My official 2 year blogoversary was on June 16th. I haven’t got any sort of big party planned this year, but I was thinking about my two years of blogging and realized that I’ve changed a lot in that time. Blogging changed my life in ways I never thought it would and I wanted to share them with you.
- I’m not as shy. I’m a fiercely loyal person and I consider the friends I have to be my friends for life. But I’m not very good at making friends. And I’m even worse at making small talk. When I started doing weekly memes where I had to go to blogs that I’d never visited before and leave a comment, I would agonize over leaving a 2 sentance comment. It took me forever to even think of what to say. I could only visit about 20 blogs before I would just be mentally exhausted. It took me a while to realize that the reason I was struggling was because leaving lots of comments like that is essentially small talk. Which I’ve always sucked at. But the thing that blogging allowed me to do was to sit and think before I made “small talk” which you can’t do in real life. I got to learn this skill at my own pace (which was like snail-paced, honestly). And I’ve gotten better at it over these past 2 years. I was at the store the other day sniffing colognes to buy some for my husband on Father’s Day and I found myself chatting with the other shoppers and the sales person. I didn’t say anything stupid and it felt natural and fun to me. Normally I would have just kept to myself and smiled awkwardly if anyone happened to look at me. Blogging helped me realize the importance of being kind and just talking even if I’m never going to see that person again. And I really think it’s something I might never have learned if I hadn’t started blogging.
- I go to book signings. In all honestly I had no idea that book signings existed before I started blogging. The first one I ever went to was for Matched by Ally Condie. I love going to signings now and they are one of my favorite things to blog about. I also didn’t know how many great authors live in this great state of Utah until I started going to them.
- I have a social life now (and no, I’m not talking about social media.). It’s hard sometimes to have a social life when you’re a stay-at-home mom. And let’s be honest – I’m kind of a loner and I wouldn’t notice that much if I just stayed in my house all the time. Blogging has gotten me out of the house to meet new people at events and signings. I’ve even invited friends to come along that I haven’t seen in years.

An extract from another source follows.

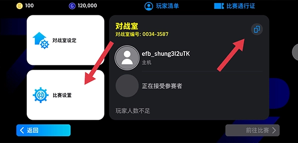 6、房间创建完成后,把右上角的对战室编号告知好友让他们加入,在等待好友加入的过程中,你可以点击比赛设置选项。

- I’m a happier mom. I struggle with the day-to-day receptiveness of being a stay-at-home mom sometimes. It’s hard to feel like I’ve accomplished anything when I’m cleaning the bathroom. Again. (Oh my gosh didn’t I just do this?) As a mom I desperately missed school. Well, not enough to actually pay money and go back, but I missed it. I realized what I really missed was the feeling like I’d accomplished things and challenged myself. Blogging helped fill that little hole for me. Maybe my dishes will never be done, but reading that book and writing that review are something I can cross off my list and they will stay done. I can read lots of different books that add variety to my life. I can challenge myself to come up with new and creative ideas for my blog. And now that there’s a little part of my life that is just for me and makes me feel accomplished, I don’t mind cleaning the bathroom. Again.
- I want to be an author someday. I majored in music at school for 2 years until I realized that I was not happy with my major. I learned a lot about myself and really stretched myself to the limit, but being a professional pianist wasn’t for me. So I majored in finance instead. Which I’m good at. But I don’t enjoy doing it enough to make a career out of it. It wasn’t until I started my blog, going to book signings, and meeting authors in real life that I realized I wanted to be an author. Meeting them helped me realize that they were real people like me (and not dead and/or up on an unreachable pedastal). Hearing authors talk about their interests and their life showed me how much I had a lot in common with them. Their advice made me realize that writing a book was an achievable goal. After blogging for 2 years, I can really see myself working on a novel every day. So now that I’m 29 years old, I know what I want to be when I grow up.
I want to hear from you. Has blogging changed you in any way? If you don’t blog, how have you changed over the last few years?